Construction of Point in Cartesian Plane with Rational Coordinates

Theorem

Let $\CC$ be a Cartesian plane.

Let $P = \tuple {x, y}$ be a rational point in $\CC$.

Let $x = \dfrac m n$ where $m, n \in \Z_{\ne 0}$ are non-zero integers.

Let $O$ denote the point $\tuple {0, 0}$.

Let $A$ denote the point $\tuple {1, 0}$.

Let $M$ denote the point $\tuple {0, m}$.

Let $N$ denote the point $\tuple {0, n}$.

The $x$-axis is identified with the straight line through $O$ and $A$.

The $y$-axis is constructed as the line perpendicular to $OA$ through $O$.

The line $NA$ is drawn.

Using Construction of Parallel Line, $MQ$ is drawn, where $Q$ is the point of intersection of $MQ$ with the $x$-axis.

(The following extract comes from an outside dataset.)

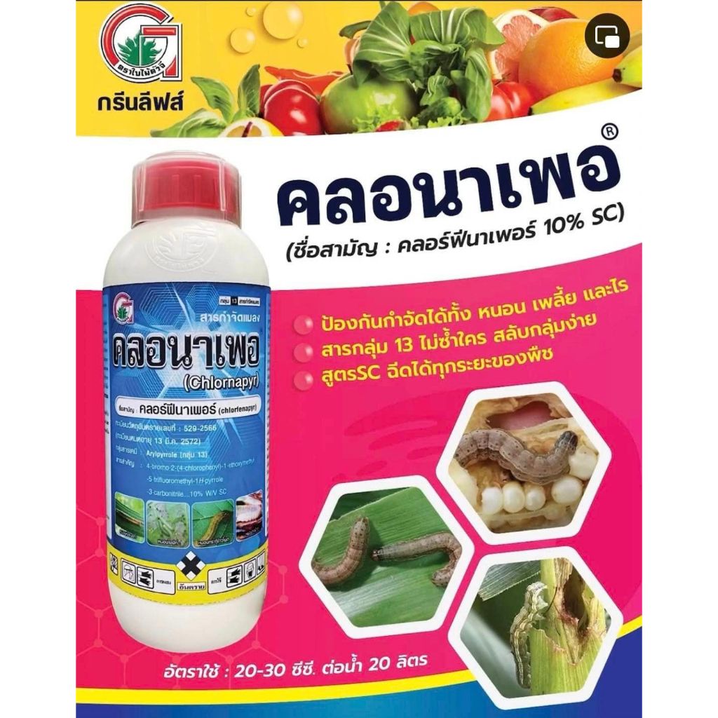 คลอนาเพอ 1 ลิตร ตรากรีนลีฟส์ คลอฟีนาเพอร์ กำจัดแมลงชนิดดูดซึมและน๊อค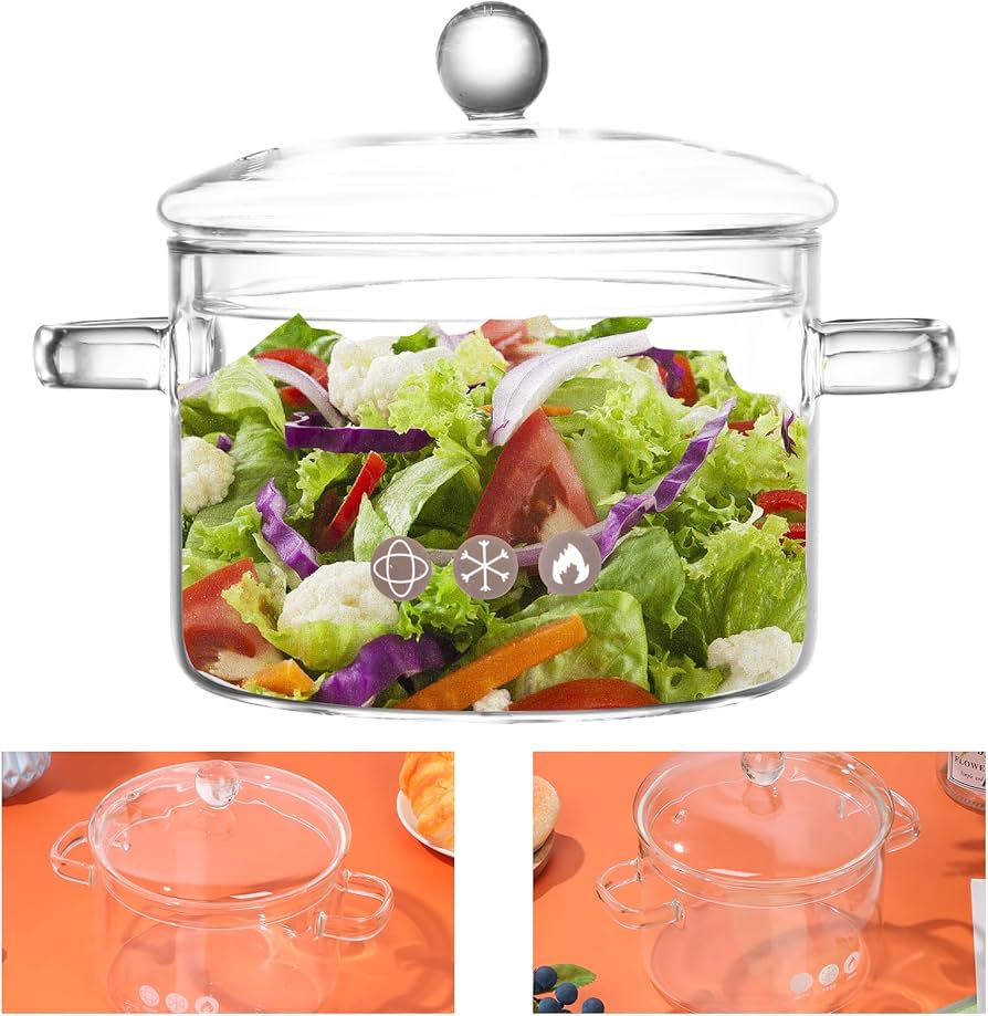 Pentola In Vetro Con Coperchio, Pentola In Vetro Resistente Al Calore Da 1,5 Litri, Set Di Pentole In Vetro Set Di Pentole Di Vetro Piano Cottura Sicuro Per Pasta Noodle, Zuppa, Latte,Clear

We have that $\dfrac {OM} {ON} = \dfrac m n$

As $\triangle ONA$ is similar to $\triangle OMQ$, it follows that $\dfrac {OM} {ON} = \dfrac {OQ} {OA}$

Therefore $Q$ is the point $\tuple {\dfrac m n, 0}$.

Let $y = \dfrac r s$ where $r, s \in \Z_{\ne 0}$ are non-zero integers.

Using Construction of Lattice Point in Cartesian Plane, the points $\tuple {r, 0}$ and $\tuple {s, 0}$ are constructed.

Using the same technique as above, mutatis mutandis, the point $\tuple {0, \dfrac r s}$ is constructed.

Using Construction of Parallel Line, a straight line is drawn through $\tuple {\dfrac m n, 0}$ parallel to the $y$-axis.

Using Construction of Parallel Line, a straight line is drawn through $\tuple {0, \dfrac r s}$ parallel to the $x$-axis.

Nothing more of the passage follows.